System Performance - Chapter 2

When reading the Systems Performance: Enterprise and the Cloud, 2nd Edition (2020) by Brendan Gregg, I saw that each chapter has an Exercises section with a set of questions. This series of blogs will be my attempt to answer them and also give additional links I’ve read whilst reading the chapter. The answers might not be correct, not detailed but this is to help me explain what I learned to make sure I understand it.

You can follow system-performance-book for this series.

Exercises

Answer the following questions about key performance terminology:

What are IOPS?

Input/Output operations per second to measure the rate of the data transfer, for example, the disk IOPS refers to the number of reads and writes per second. The higher the number the better performance.

What is utilization?

Defines how busy a resource was performing work for a specific set of time, for example to serve a request 20% of the CPU is utilized.

What is saturation?

When a resource is utilized and there is no free resources left and can no longer use the resource, which leads to queueing.

What is latency?

The time taken to finish a specific request, for example, the time taken to respond to a specific request.

What is micro-benchmarking?

Create an artificial workload to test the throughput for a small part of the application or system, for example, using iperf to test the TCP throughput of the machine.

Choose five methodologies to use for your (or a hypothetical) environment.
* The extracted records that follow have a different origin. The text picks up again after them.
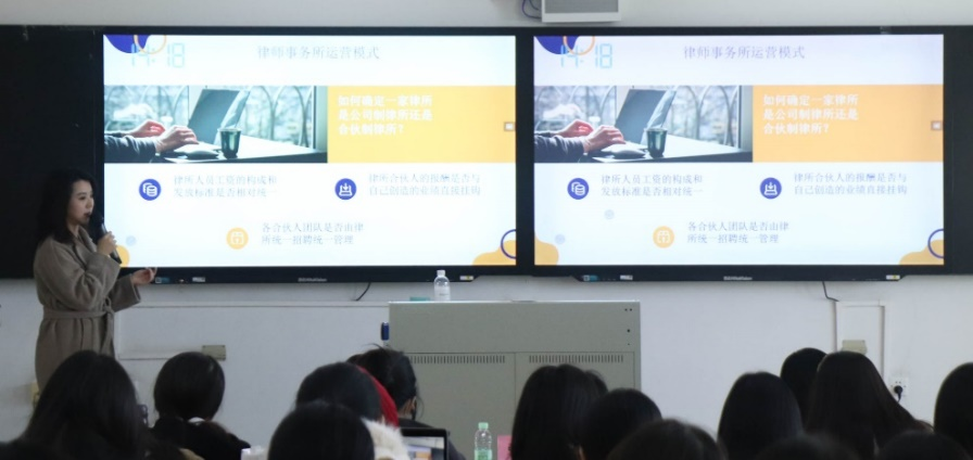 张律师以自身鲜活的成长经历为切入点,深情分享了从律师新手到业界翘楚的奋斗历程。她特别强调了有效沟通在律师职业中的核心地位,并通过解析律师与律师事务所、客户及法官之间复杂而微妙的沟通关系,为同学们提供了宝贵的职业启示。此外,张律师还针对同学们即将面临的从学生到实习律师的角色转变给予了悉心指导和建议。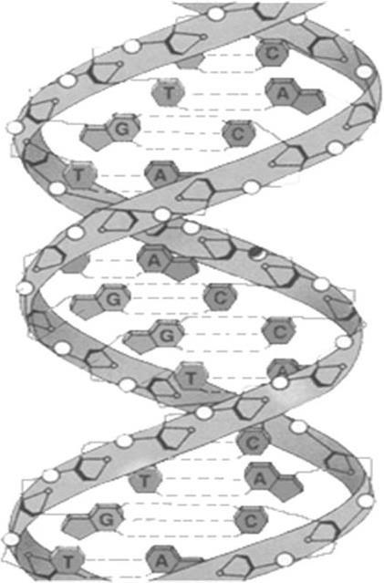 Ген – элементарная единица наследственности. Каждый ген кодирует одну полипептидную цепь белка. В то же время ген представляет собой участок ДНК (дезоксирибонуклеиновой кислоты), двухцепочечная молекула которой (рисунок 3) составляет хромосому. ДНК – биологический полимер, хранитель наследственной информации, которая закодирована в последовательности нуклеотидов – мономеров, составляющих полимер.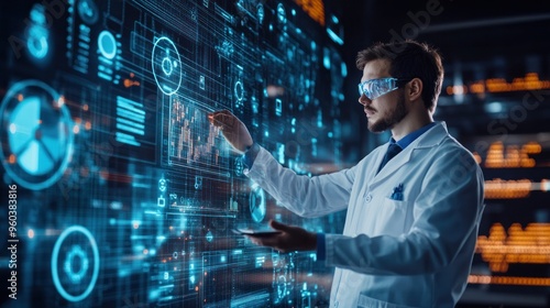 An electrical engineer presenting findings from a network analysis, charts, and graphs in the background,

Select the order in which they can be conducted, and explain the reason for choosing each.

  • Problem Statement: First define the problem by asking questions like when the problem showed up if there were any changes to the environment.
  • Request, Errors, Duration (RED): After you have the problem statement, then you need to understand how the user is perceiving this problem, are they seeing a bunch of errors or slow requests. Like this, we can understand the severity of the problem.
  • Utilization, Saturation, Error (USE): See the underlying machine of the service and see you can find the bottleneck from a hardware level.
  • Scientific Method: Now that we know the severity of the defined problem and how the service is behaving you can start creating hypothesis and test that the hypothesis with the next step which is drill-down.
  • Drill-down analysis: When we have a hypothesis, start drill-down analysis of that problem statement until you reach a dead-end or disprove your hypothesis.

Summarize problems when using average latency as a sole performance metric. Can these problems be solved by including the 99th percentile?

Averages hide details and outliers, time is also important, for example, if you take the CPU utilization 5-minute-average and it’s 50% it’s possible that the CPU spiked at 100% for 2 seconds and it doesn’t show in the average.

99th percentile can solve this since it measures the variance from the average and shows the minimum and maximum variance.